Records for processing.
☆ ☆ ☆

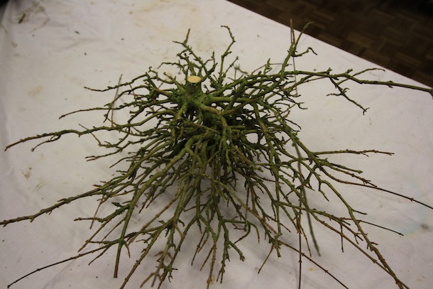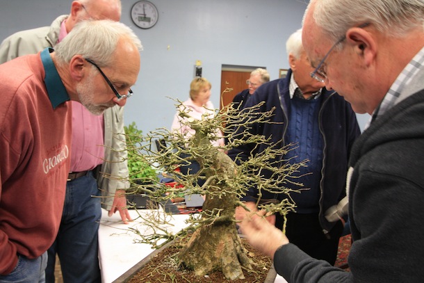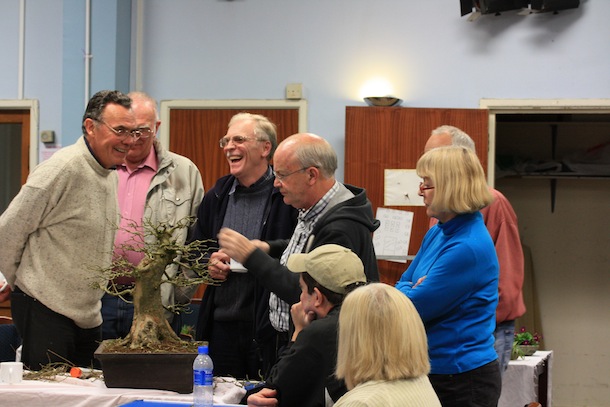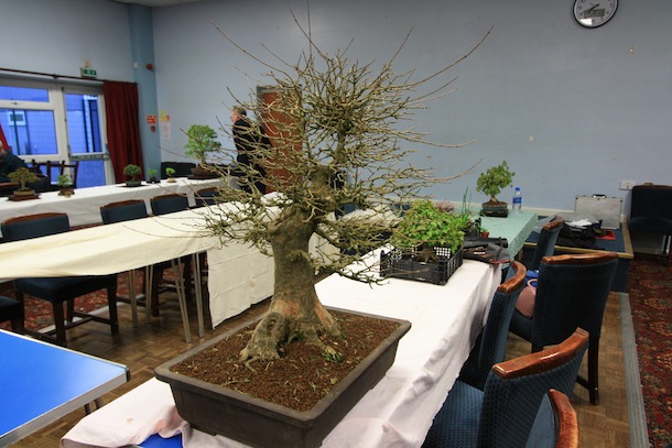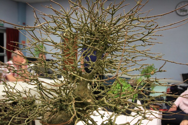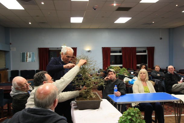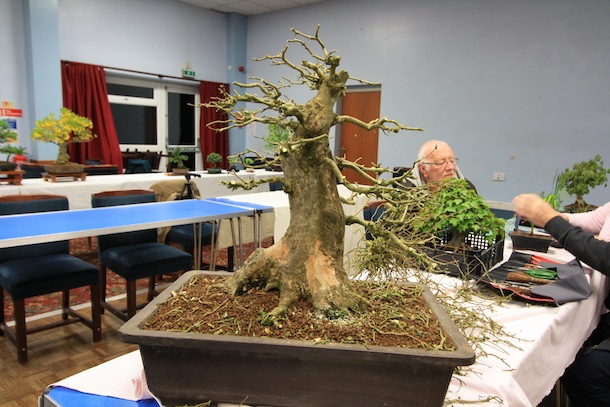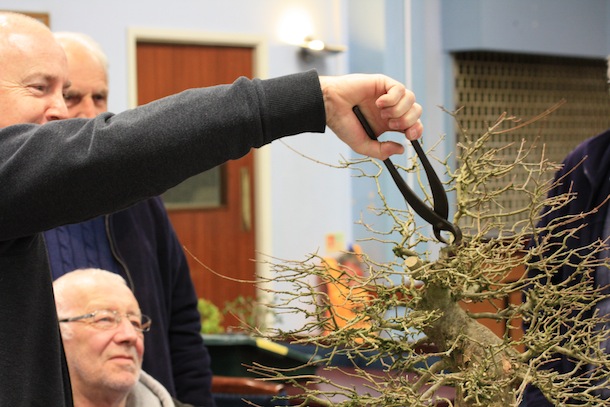 Here is a brief update on the progress of one of the three club trees that were purchased back in April 2011. The Trident Maple has just been repotted successfully but it is currently still struggling with its health and has limited signs of bud swelling although buds are present. The reason for this however was ascertained during the recent club night when Reg brought the tree in for some initial pruning though. During the removal of the dense top of the tree, on closer examination of the cut top, within the branch unions, cavities and cracks, hundreds of red spider mite were visible. They are not easy to see with the naked eye and they were on the underside of the branch unions and not obvious on an initial inspection of the tree. The remainder of the tree was pruned and here is are a series of images charting the progress of the evening. The tree is also now due to be treated for Red Spider Mite which should then allow it to fully flush with leaves and function more normally this year from now on.
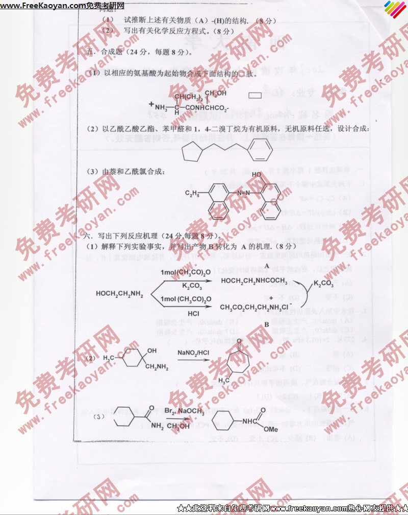 相关话题/考研真题 西南大学 物理化学 有机化学
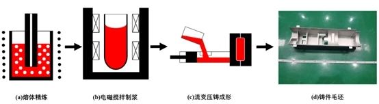 圖1 Al-Si-Mg鋁合金構件半固態流變壓鑄成形流程示意圖及鑄件
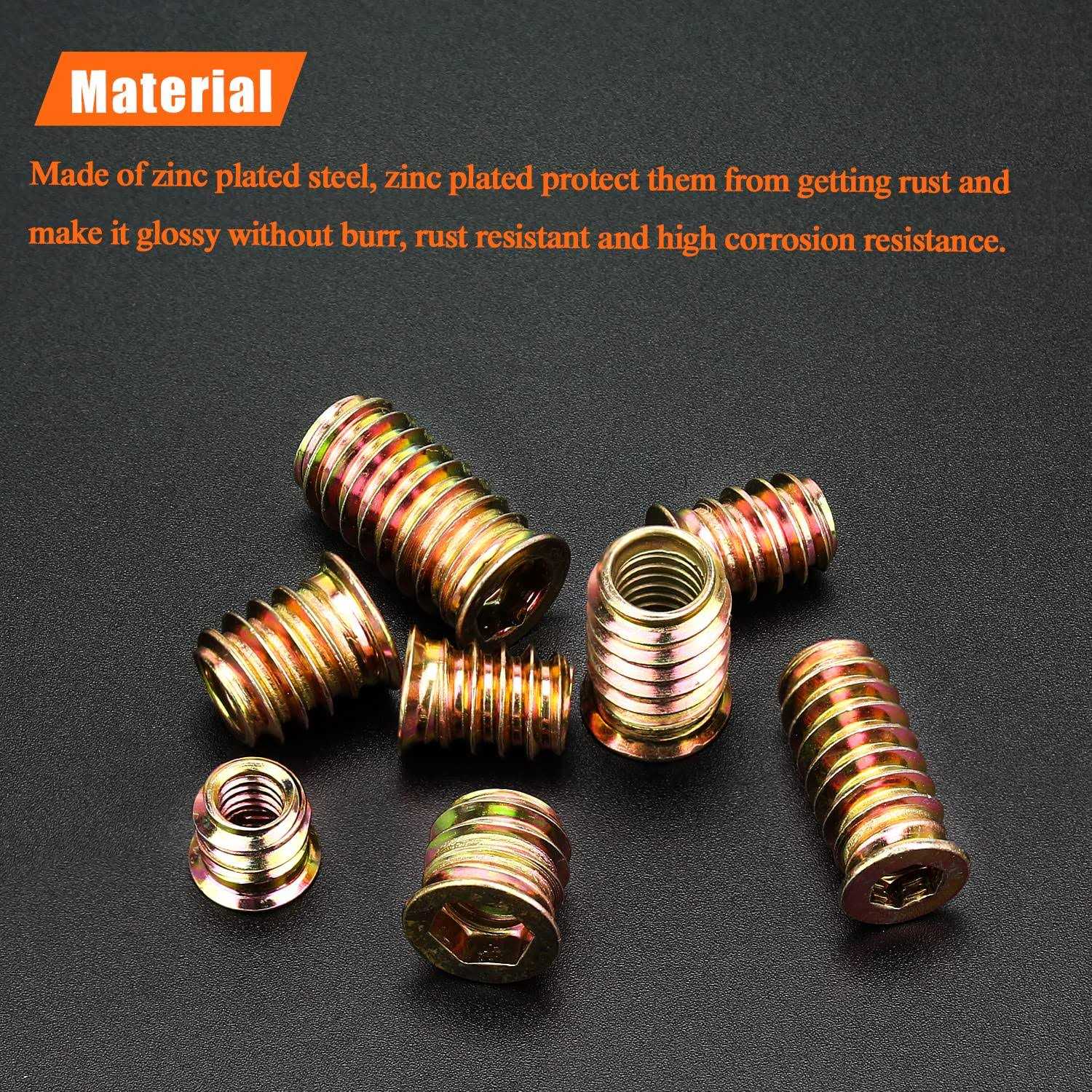HELIFOUNER 1/4-20 5/16-18 Threaded Inserts Wood Inserts Steel Threaded Inserts for Wood Furniture Screw
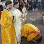 Após a consagração dos dons, foi iniciado o ritual da Ordenação Diaconal. O Reitor Pe. Edson conduziu Alexandre durante todo o rito. Entre os ritos de entrega dos paramentos, livros e objetos litúrgicos, o mais significativo foi o da imposição das mãos. Ajoelhado diante do altar e dos dons consagrados, Alexandre colocou a cabeça sobre o altar. O Bispo Dom Meron cobriu-lhe a cabeça com o “omoforion”, colocou as mãos sobre ele e proferiu a oração de consagração, invocando o Espírito Santo para que desça sobre seu servo e o transforme em diácono. Ordenado, o Diácono Alexandre começou a exercer suas funções litúrgicas.
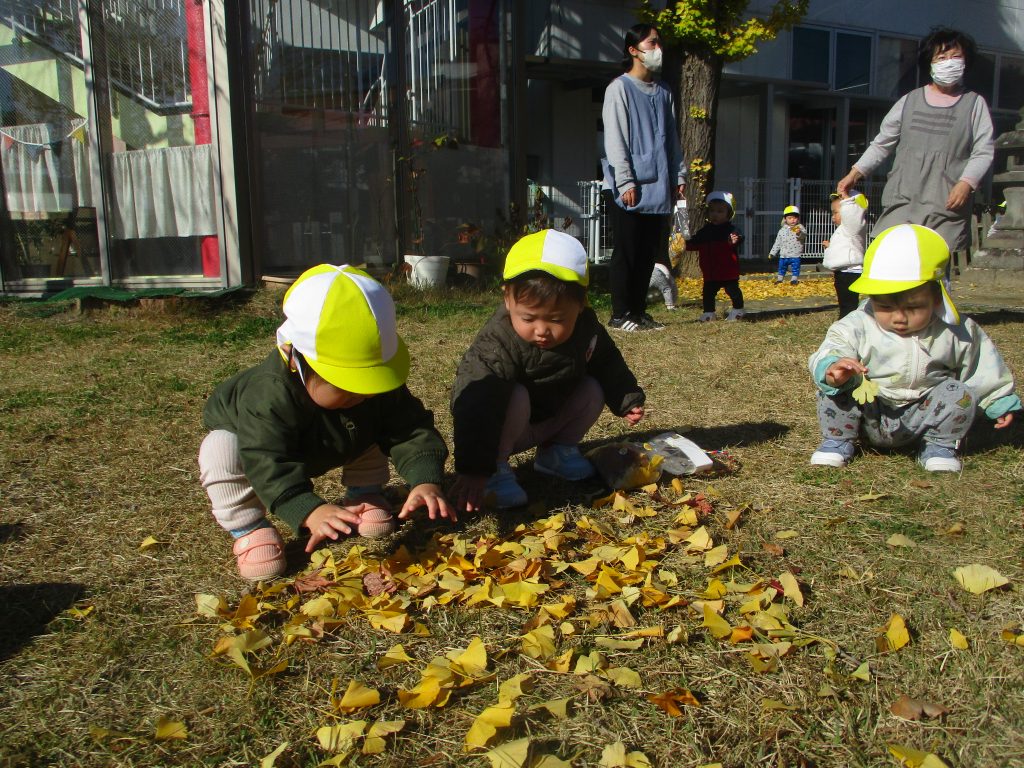 とっても気持ちがいい秋空でした♪「電車だ~」とみんなで手を振ったり、大きな葉っぱを見つけたり、外遊びを楽しみました。
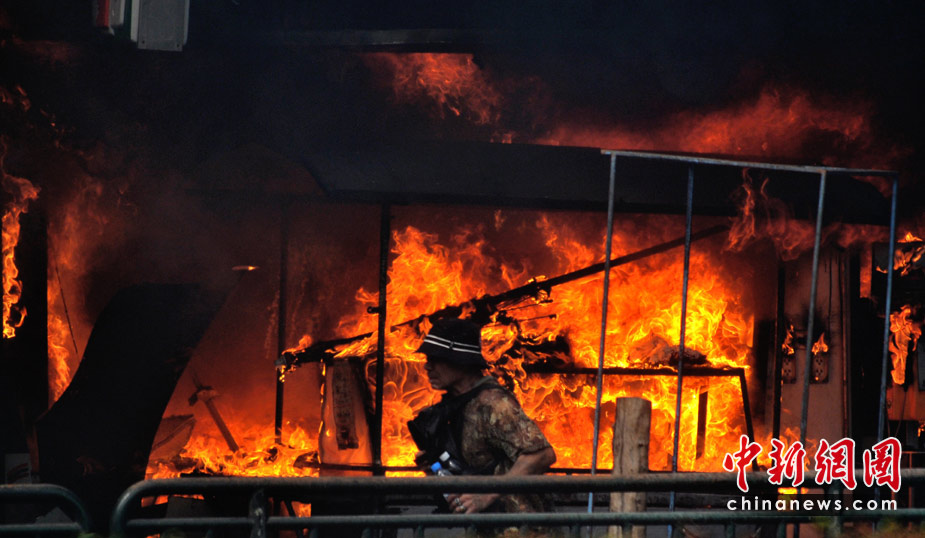 泰國軍方19日清場,希望將陷入內(nèi)戰(zhàn)邊緣的曼谷拯救出來,雖然紅衫軍節(jié)節(jié)敗退,但有激進(jìn)分子未肯罷休,四處放火,電視臺、股票交易所、電力公司、幾間銀行、商場戲院都遭殃,商場和便利店亦成為搶掠目標(biāo)。據(jù)報曼谷有27處地方起火,泰國最大的商場Central World、Siam Square和Siam Paragon三大購物中心被縱火,其中Central World燒通頂,據(jù)報快將倒塌。
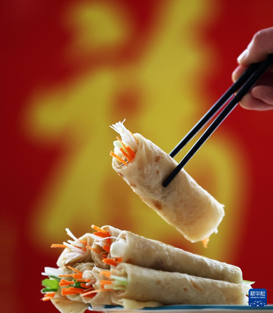 2月4日,山东省临沂市郯城县郯城街道龙泉社区居民展示自己做的春饼。
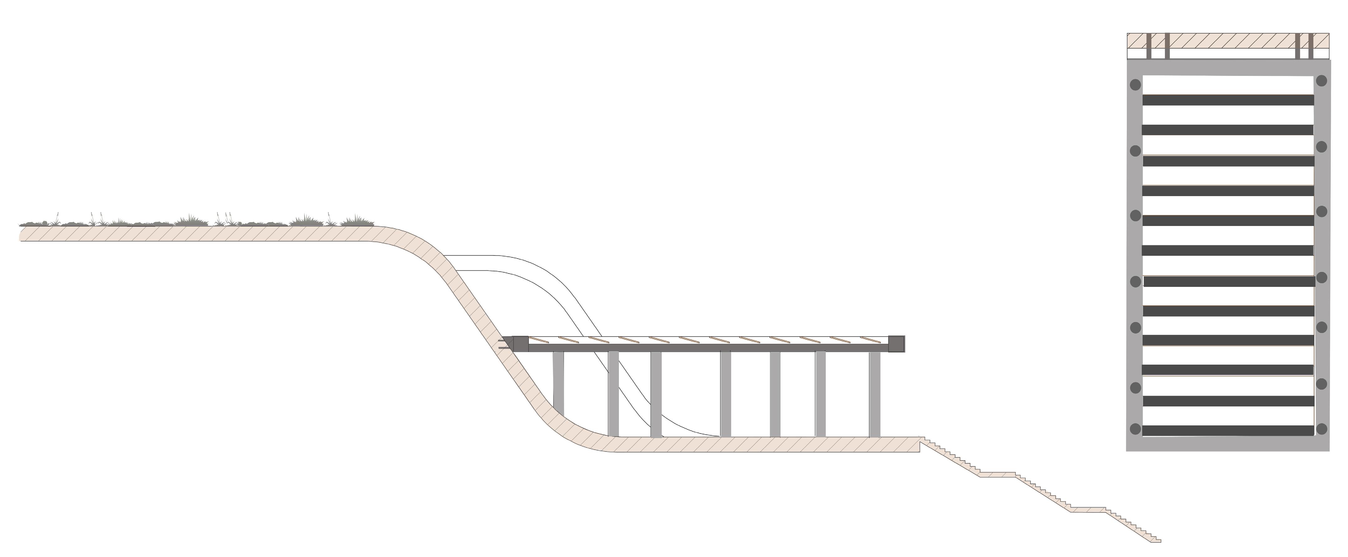 as it’s by default the sunniest area of the site; the roof bends up and down in ribbons to let natural light in, and solar panels decorate accessible trellises to catch even more sunshine. With these characteristics it shades the area while utilizing the light. Staircases connect the ground level to an upper floor where people can sit and observe the space campus as a whole.
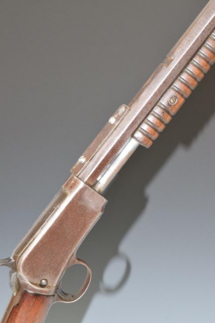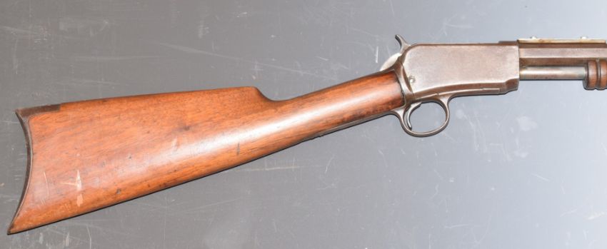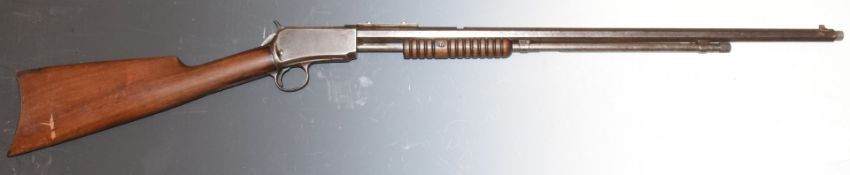 Winchester Model 1890 .22 pump-action rifle with adjustable sights and 24 inch octagonal barrel stamped 'Manufactured by The Winchester Repeating Arms Co New Haven Conn USA Pat June 26 88, Dec 6 92', overall length 103cm, serial number 29661. PLEASE NOTE THAT A VALID RELEVANT FIREARMS/SHOTGUN CERTIFICATE IS REQUIRED TO HANDLE/PURCHASE THIS ITEM.
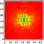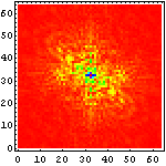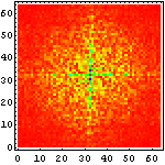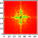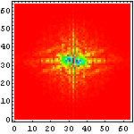 次に、それぞれの文字画像の複雑さの特徴を眺めるために、それぞれ二次元フーリエ変換をかけて、周波数空間に変換してみたものを示してみることにしよう。まずは、漢字の例を示して図の見方を説明してみたい。
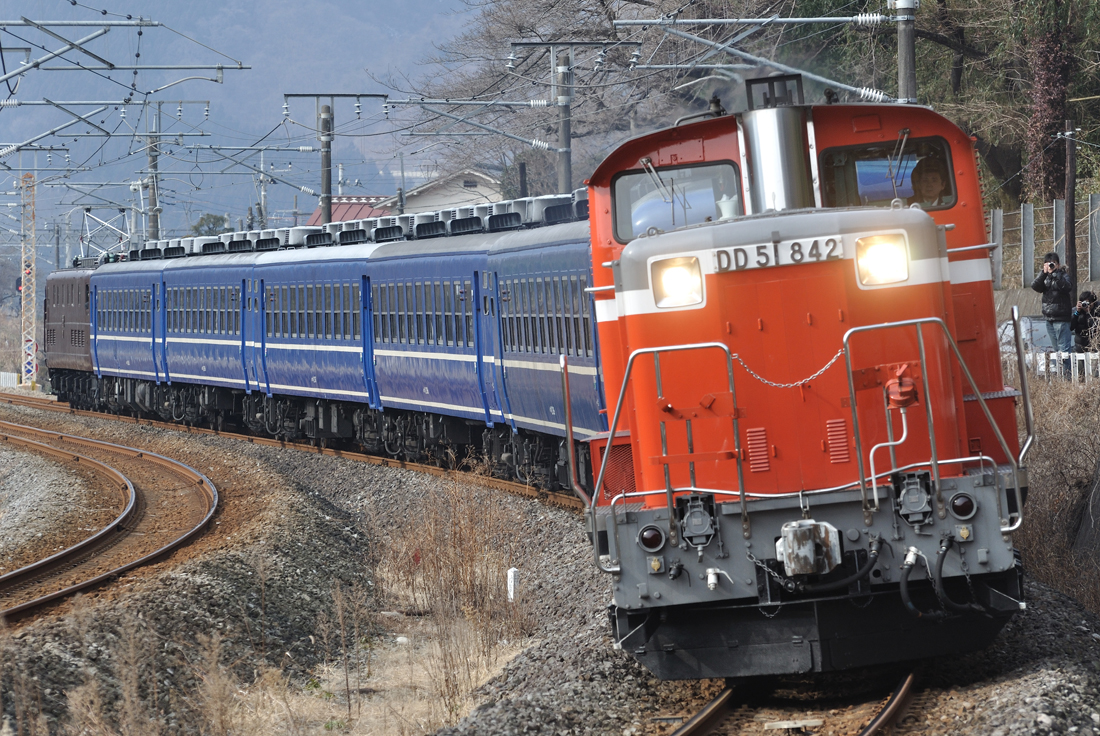 18日、EF55さよならイベントの最後を飾る「さよならEF55横川号」が運転されました。編成はEF55-1+12系6B+DD51-842でした。さよならヘッドマークが取り付けられ、ラストランに相応しい姿でした。高崎駅や横川駅大勢のファンが押し掛け、その他有名撮影地は凄まじい砲列とこれもある意味でラストランらしい光景でした。無事にラストランが終了したことは何よりだと思います。今後は鉄道博物館で保存される模様です。
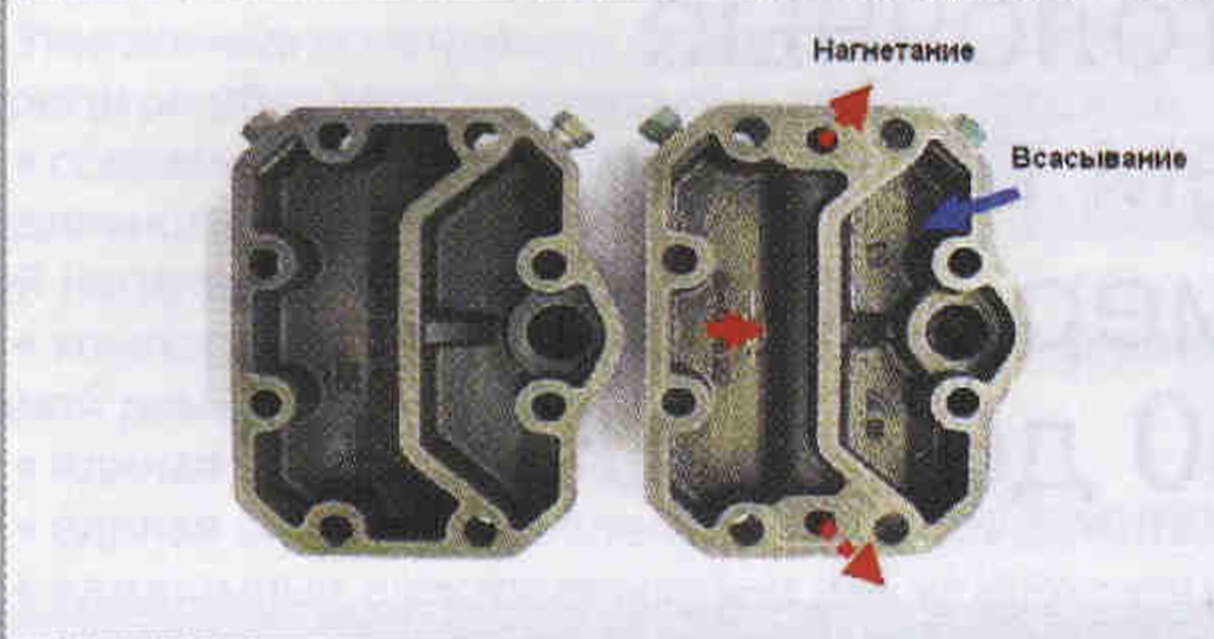 Несмотря на исключительную плавность хода, обусловленную конструкционными особенностями компрессоров этой серии, в отдельных случаях возникали значительные резонансные пульсации в нагнетательных трубопроводах. Как правило, такие пульсации сокращаются до приемлемой величины путем установки глушителей (демпферов) на трубопроводе. Недостаток такого технического решения состоит в том, что на участке нагнетательного трубопровода между демпфером и компрессором всегда присутствуют значительные пульсации. Полностью избежать негативного воздействия пульсаций давления в системе удалось благодаря новой головке блока цилиндров (рис. 1), где с помощью резонансного канала пульсации гасятся в месте их возникновения.
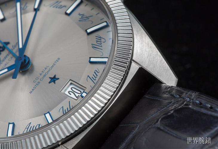 ▲坑纹表圈是Globemaster的另一个重要特徵,原本在表圈这等最容易受到碰撞的位置採用这种稜角分明的造型未必适合,不过OMEGA在这裡特别用上了高硬度的碳化钨,确保表圈不易留下伤痕。

☆ ☆ ☆

Both the line above containing "as it’s by default" and the line containing "Winchester Model 1890" belong in the copy, along with every line between them; print these exactly and omit the pictures.

Problem solution.
 as it’s by default the sunniest area of the site; the roof bends up and down in ribbons to let natural light in, and solar panels decorate accessible trellises to catch even more sunshine. With these characteristics it shades the area while utilizing the light. Staircases connect the ground level to an upper floor where people can sit and observe the space campus as a whole.
 Winchester Model 1890 .22 pump-action rifle with adjustable sights and 24 inch octagonal barrel stamped 'Manufactured by The Winchester Repeating Arms Co New Haven Conn USA Pat June 26 88, Dec 6 92', overall length 103cm, serial number 29661. PLEASE NOTE THAT A VALID RELEVANT FIREARMS/SHOTGUN CERTIFICATE IS REQUIRED TO HANDLE/PURCHASE THIS ITEM.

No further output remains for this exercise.